When you’re the nominee's communications director, speaking to a national progressive radio audience, "Now look --" may not be the best way to begin the answers you give to the questions the host asks.
That is, when you choose to answer the question, rather than sidestep it and deliver your script instead.
Don’t you know people hate that?
Oh, I’m sorry, you needed to get out today’s talking point: “Obama and Edwards ATTACKED Hillary and abandoned the ‘Politics of Hope’ and people won’t like that.”
Don’t you know people can spot that avoidance?
Especially when the talking point shows up in the same day's newspaper as a sidebar that “Obama and Edwards ATTACKED Hillary” when what they actually did was challenge her on issues that people care about. How convenient that this spin about an “attack” avoids the issues entirely and blames the other campaigns for playing dirty politics.
Don’t you know that’s dirty politics? That people hate that? That people can SPOT that?
And the radio host returned to the question you avoided and the issue you avoided and he did so repeatedly and quite directly because it is THE issue that concerns many voters about Hillary.
The way another candidate put it was in regards to campaign funding – where her money is coming from.
The way many voters put it is that she is the corporate candidate – and the repetition of the communication director’s talking point in the generic print media today reinforces the impression.
Hillary Clinton is viewed by many as the candidate that Republican Lite and Democratic Elite and global corporations and generic media can all agree on to proceed with business as usual.
The way the radio host put it to try to get an answer was plain blunt.
What was Howard Wolfson’s eventual and reluctant answer?
"… if some of her money comes from somewhere that _____ may not appreciate or _____ may not appreciate or you may not appreciate .............."
… and the non-answer trailed off.
“May not appreciate?”
What people don’t appreciate, Mr. Communications Controller, is that you (repeatedly) refuse to answer the question, you disregard the relevance of the question, you denigrate the voters and dismiss their concerns as trivial.
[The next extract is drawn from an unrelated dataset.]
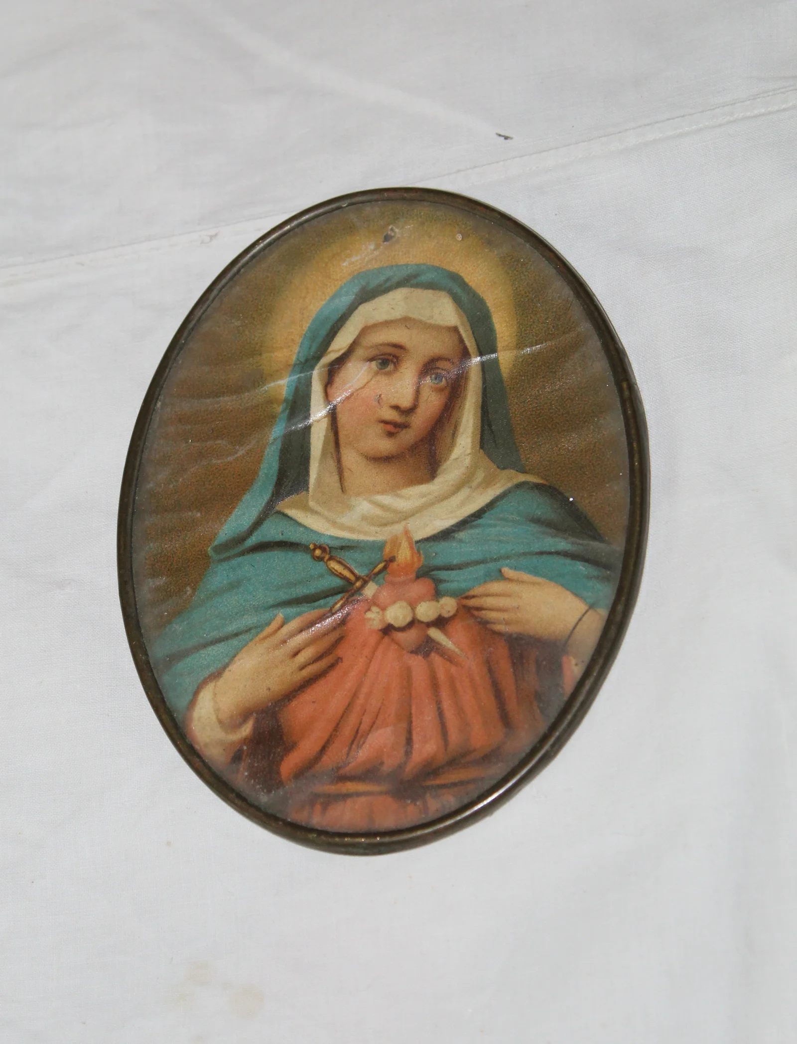 Leírás: Ovális alakú szentkép vékony fémkeretben.

The only way that Clinton’s campaign could address the issue was come out prepared and scripted to portray the questions as an “attack” – and try to deflect.
All of this reinforces the impression that you think Hillary’s nomination is inevitable, which is what people are being told by the generic media -- the same corporate media that printed the “attack” claim today; the same media and corporations that perpetuate and profit from “business as usual.”
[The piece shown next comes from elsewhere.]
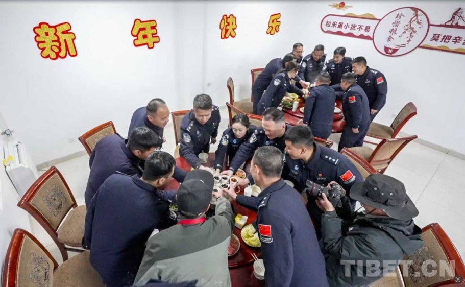 “干杯!”清脆的碰杯聲在餐廳里響起,暖意順著喉嚨流進(jìn)心里。“今年是在高原過(guò)的第一個(gè)年,雖然不能回家陪爸媽,但有大家在,感覺(jué)就像在家里一樣溫暖。”新警周康健邊吃邊發(fā)出感慨。

Which reinforces the notion that Ms. Clinton IS the corporatist candidate.
With more respect than you give the voters, Mr. Wolfson – and without the “Now look” “we’ve got it in the bag” arrogant attitude you convey, the voters you are dismissing would like you to know:
You don’t have it in the bag.
You can’t take our votes for granted.
And if you’re right and we’re wrong and the message you’re sending – intentionally or not – is that the Powers That Be have anointed Hillary to carry on Big Business As Usual …
You may not appreciate the outcome when millions more people don’t bother to vote, at all.